Everything from the line containing "9' Roll-up Garage Door" through the line containing "Photo 3. View" in the listing below should be copied exactly, and nothing more.
==============================
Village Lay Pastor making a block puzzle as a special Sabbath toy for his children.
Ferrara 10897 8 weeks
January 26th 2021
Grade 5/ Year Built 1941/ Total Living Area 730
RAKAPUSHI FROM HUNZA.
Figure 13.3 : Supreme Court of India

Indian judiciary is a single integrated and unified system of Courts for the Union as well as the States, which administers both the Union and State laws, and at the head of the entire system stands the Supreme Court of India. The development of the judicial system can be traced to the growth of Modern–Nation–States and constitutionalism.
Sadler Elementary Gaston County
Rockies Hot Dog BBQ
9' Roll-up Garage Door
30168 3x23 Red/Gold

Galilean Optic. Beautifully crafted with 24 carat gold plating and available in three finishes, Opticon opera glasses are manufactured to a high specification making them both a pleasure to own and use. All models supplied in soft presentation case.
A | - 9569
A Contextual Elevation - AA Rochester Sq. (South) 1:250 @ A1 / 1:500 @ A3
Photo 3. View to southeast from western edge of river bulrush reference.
==============================
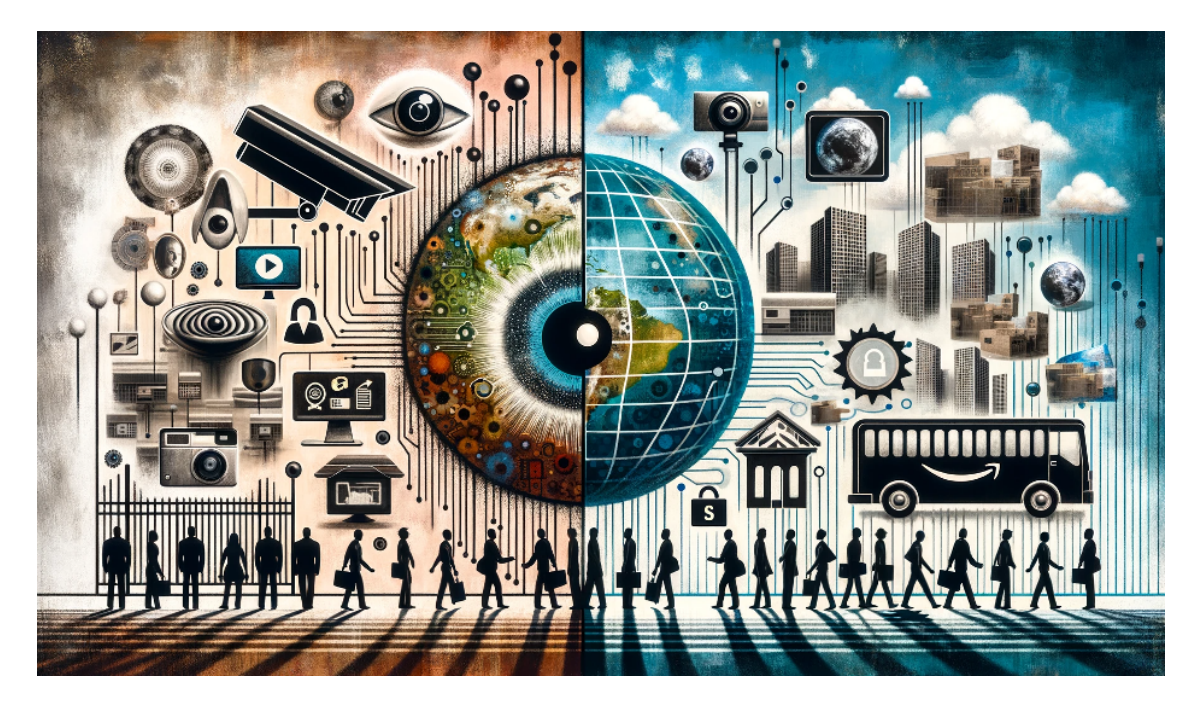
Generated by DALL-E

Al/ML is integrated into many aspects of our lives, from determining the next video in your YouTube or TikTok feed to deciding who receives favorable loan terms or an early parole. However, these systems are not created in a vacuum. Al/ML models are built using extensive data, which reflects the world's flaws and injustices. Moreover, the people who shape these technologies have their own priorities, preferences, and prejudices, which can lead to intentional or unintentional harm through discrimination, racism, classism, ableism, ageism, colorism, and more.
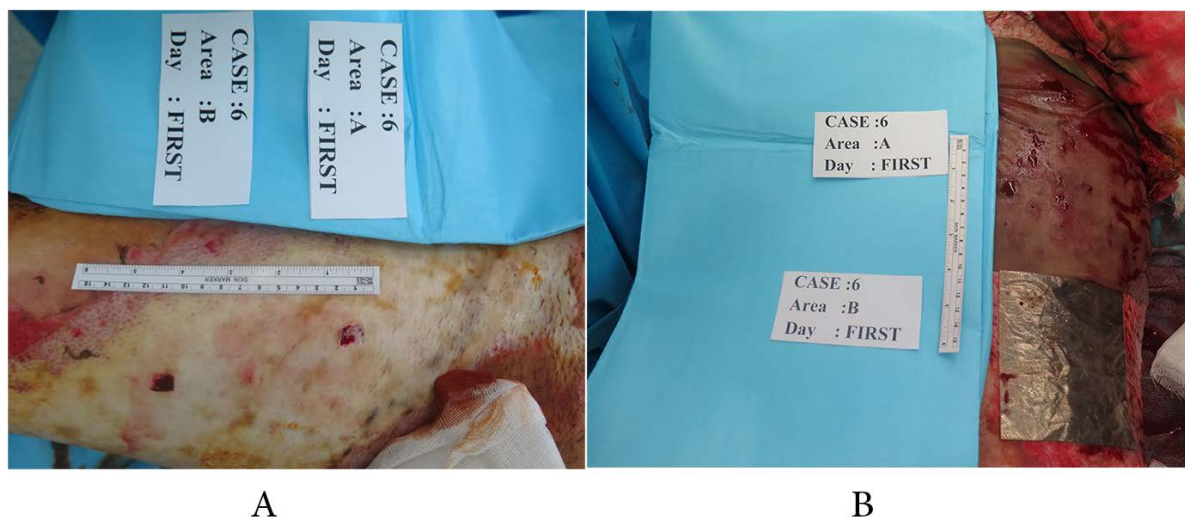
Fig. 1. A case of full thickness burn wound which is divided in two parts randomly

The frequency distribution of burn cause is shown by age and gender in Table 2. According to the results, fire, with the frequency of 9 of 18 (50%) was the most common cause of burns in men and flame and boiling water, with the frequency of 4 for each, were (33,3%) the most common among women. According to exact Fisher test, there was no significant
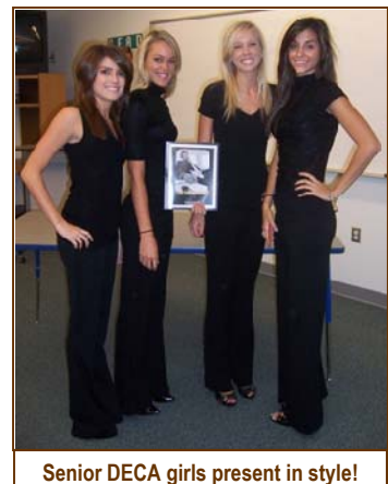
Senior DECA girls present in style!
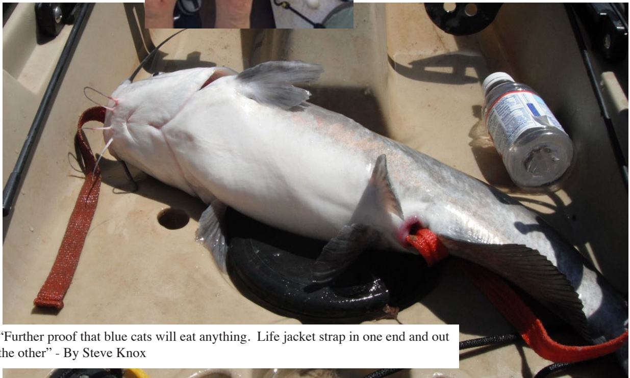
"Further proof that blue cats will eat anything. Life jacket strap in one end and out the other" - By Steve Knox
==============================
## TASK RESULT
9' Roll-up Garage Door
30168 3x23 Red/Gold

Galilean Optic. Beautifully crafted with 24 carat gold plating and available in three finishes, Opticon opera glasses are manufactured to a high specification making them both a pleasure to own and use. All models supplied in soft presentation case.
A | - 9569
A Contextual Elevation - AA Rochester Sq. (South) 1:250 @ A1 / 1:500 @ A3
Photo 3. View to southeast from western edge of river bulrush reference.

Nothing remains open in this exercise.